Most salons complete SAQ A (for those using fully outsourced, hosted payment pages with no cardholder data on their systems) or SAQ B-IP (for those using IP-connected terminals like PAX A920 or A80). Salons using a PCI-validated P2PE solution may qualify for SAQ P2PE, which is shorter. Your payment processor should specify which SAQ type applies to your configuration — ask them directly.

What cardholder data can a salon store?

Salons can store tokenized card references provided by their payment processor — these are meaningless strings that the processor maps to an underlying card, used for rebooking or charging no-show fees. What salons must never store: full card numbers (PAN), CVV2/CVC2 security codes, magnetic stripe data, or PINs. Modern payment software handles this correctly, but confirm with your vendor that no sensitive data appears in logs or exports.

What is P2PE and does it reduce my PCI scope?

Point-to-Point Encryption (P2PE) means cardholder data is encrypted inside a certified device before it ever reaches your software or network. PCI-validated P2PE solutions significantly reduce compliance scope because there's no unencrypted cardholder data in your environment. NMI in combination with PAX terminals supports P2PE. If your processor offers a validated P2PE solution, using it is worth the setup effort — it simplifies your annual SAQ considerably.

How should a salon secure its Wi-Fi for payment terminals?

Payment terminals should be on a dedicated VLAN or separate Wi-Fi network isolated from general-use internet access. This prevents a compromised laptop or guest device from being on the same network as card readers. A managed switch and basic VLAN configuration accomplish this. Have a network professional set it up and document the configuration — this is a one-time task that narrows your PCI scope.

What is a skimming device and how do I detect one?

A skimming device is a physical overlay that criminals attach to card readers to capture card data.

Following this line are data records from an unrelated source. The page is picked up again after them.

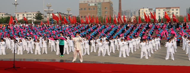 朝陽萬人開步走 走得大地都顫抖
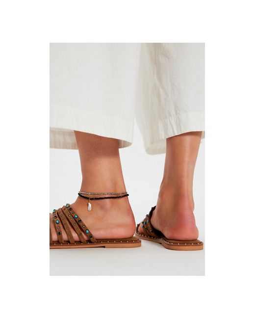 Adorned with colorful stones and metal studs, these endlessly cool sandals from FP Collection complement any outfit, featuring studded thin suede straps, a toe strap for a supportive fit, and a soft, embellished footbed for added dimension and comfort. * Strappy suede uppers with studded embellishments * Backless, slip-on sandals * Squared open toe * Flat rubber outsole Santa Fe Sandals by Free People in Cognac Suede, Size: US 7
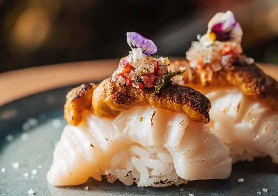 No sushi bar, o Niguiri Amazônico, utiliza-se o pirarucu, um peixe nativo da Amazônia. Selado e servido com molho tailandês, o prato é finalizado com abacaxi grelhado, que adiciona uma nota doce e ácida, complementando o sabor delicado do pirarucu, um peixe valorizado por sua carne firme e sabor suave.
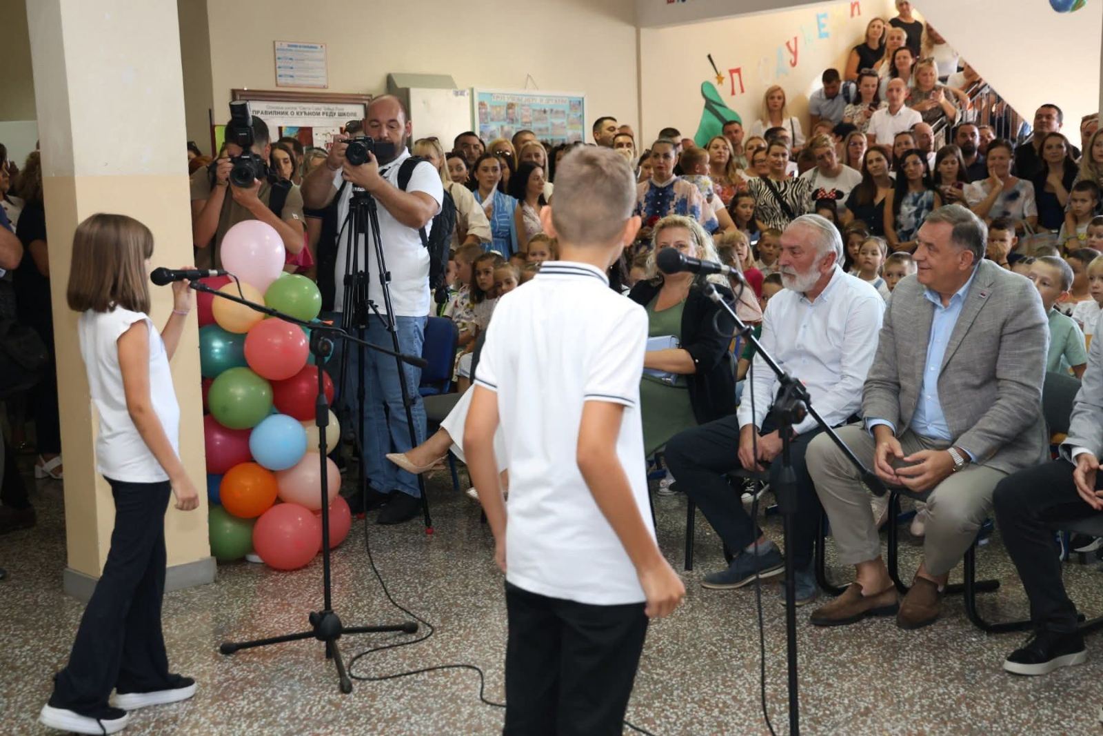 Сваке године први дан у нашој школи је посебан и свечан. За наше најмлађе ученике, првачиће, ученици петог разреда уз подршку њихових учитељица: Бранке Периновић, Милене Штуле, Бобане Леканић, Сњежане Оровац, Миланке Милаковић, Јелене Јевђенић и Славице Бунић припремили су занимљив свечани програм за добродошлицу. И ове школске године наши најмлађи ученици су уживали у пјесми и игри њихових старијих другара. Након свечаног програма имали су прилику да упознају своју учитељицу на првом часу на којем су присуствовали и родитељи ученика. Посебна част, ове године, нам је била посјета предсједника Републике Српске Милорада Додика.

They're designed to look like the original hardware. Inspect your terminals daily before opening: feel around the card slot and keypad for anything that doesn't feel solidly attached, compare it to a reference photo of how the terminal looks when clean, and pull gently on the card reader area. Tampered devices often wiggle slightly. Register terminal serial numbers so you can verify you have the right hardware.

Who handles PCI compliance in a booth-rent salon?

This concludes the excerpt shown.